Cranach et son temps


Le musée du Luxembourg a rouvert ses portes par cette exposition éponyme consacrée à Lucas Cranach (1472-1553), peintre important, "fécond et polyvalent" de la Renaissance allemande, à une époque de "profonds bouleversements politiques et religieux marquée en particulier par la Réforme protestante dont la doctrine sera exprimée sous forme d'iconographie par Cranach. Le 15 août 2016, John Walter, juge californien, a statué en faveur du Norton Simon Museum. Il a débouté Marei von Saher, héritière du collectionneur néerlandais juif Jacques Goudstikker de sa requête visant à ce que lui soit restitué Adam et Eve (c.1530), diptyque de Lucas Cranach l'Ancien. 


Cette exposition s'articule autour de quatre thématiques : Lucas Cranach, un artiste européen ; la cour, les Pays-Bas et l’Italie ; un peintre de la beauté féminine ; un acteur de la réforme protestante.

Cette exposition souligne les influences des œuvres de Dürer et des artistes et humanistes des Pays-Bas sur cet artiste qui occupe une position officielle dès 1505 à la cour de Frédéric III le Sage (1463-1525), prince électeur de Saxe, Etat puissant du Saint Empire romain germanique, qui à Wittenberg protège Martin Luther (1483-1546), dont le visage sera popularisé via des tableaux et gravures par Cranach. La traduction allemande de la Bible est agrémentée de gravures par Cranach de Samson et Dalila ainsi que de David et Bethsabée pour illustrer le 6e commandement - "Tu ne commettras point d'adultère" -.
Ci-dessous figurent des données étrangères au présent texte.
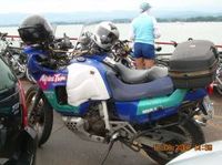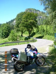 Heute war den der Tag X, es sollte leider nach Hause gehen. Aber warum soll der Rückreisetag denn langweilig sein? Keine Ahnung. Nachdem wir die Twin am Vorabend schon gepackt hatten, wurde noch schnell eine Abschlusstour geplant. Nach dem begleichen der Rechnung, und einer herzlichen Verabschiedung, ging es noch einmal in Richtung Österreich. Ein paar Kurven wollten wir uns noch auf dem Weg nach München gönnen. Bei Lochau (A) ging es wieder in die Berge. Die Strecke kannten wir ja noch von der Tour zum Fukarjoch, aber diesmal gab es dort eine Baustelle. Hier kam es dann auch zur ersten ernsthaften Fastzwischenfall. In der Baustelle über zwei dicke Schläuche gefahren und die Karre kippte nach rechts. Zum Glück konnte ich das Motorrad, mit Ladung und Frau, vor dem Aufschlag abfangen. Nach dem Schreck ging es dann weiter. Wir fuhren über das Oberjoch, nach Sonthofen, Oberstdorf, Schloss Neuschwanstein und über den Starnbergersee nach München. War wirklich ein toller Tag, und die Eindrücke nahmen fast Überhand. Der Besuch bei Schloss Neuschwanstein war aber ein reiner Zufall. Eigentlich wollten wir nur eine kleine Pause machen, aber plötzlich stehen wir zwei Kilometer vor dem Schloss. GPS und Radfahrer sagten uns, das dies Schloss Neuschwanstein sei. Im Fernsehen sah das immer viel größer aus. Von hier ging es dann noch für eine Eis zum Starnbergersee, und dann weiter zur Bahnverladung nach München. Eigentlich sollte die Verladung um 20:15 Uhr sein, aber kaum angekommen konnte ich schon auf den Autozug drauf. In die Stadt wollten wir mit Gepäck und Motorradsachen nicht. Also mussten wir bis zur Abfahrt knappe vier Stunden überbrücken. Mit den ganzen Motorradfahrern war das aber kein Thema. Es wurde viel gequatscht, und die eine oder andere Hofenkaltschale genossen. Was das Verladen schneller ging, das dauerte die Zugeinfahrt länger. Der Zug hatte in München 40 Minuten Verspätung, kam aber in Düsseldorf pünktlich an. Jetzt erst war der Urlaub vorbei!

Ce mécène  lui confie des missions diplomatiques, et offre ses œuvres notamment à Charles Quint et à François 1er. Certaines enrichissent les collections du roi Henri VIII.

Une section est dédiée à la représentation du nu au travers de personnages féminins empruntés à l'Antiquité ou à la Bible - Eve du tableau inspiré d'une gravure sur cuivre de Dürer ; Judith, veuve israélite, est transformée par Cranach en héroïne de la résistance protestante -. Des images "ambiguës" mêlant érotisme et morale. Ainsi cette Justice dont les mains portent une balance, évoquant la pondération, et une épée symbole de la dureté du jugement.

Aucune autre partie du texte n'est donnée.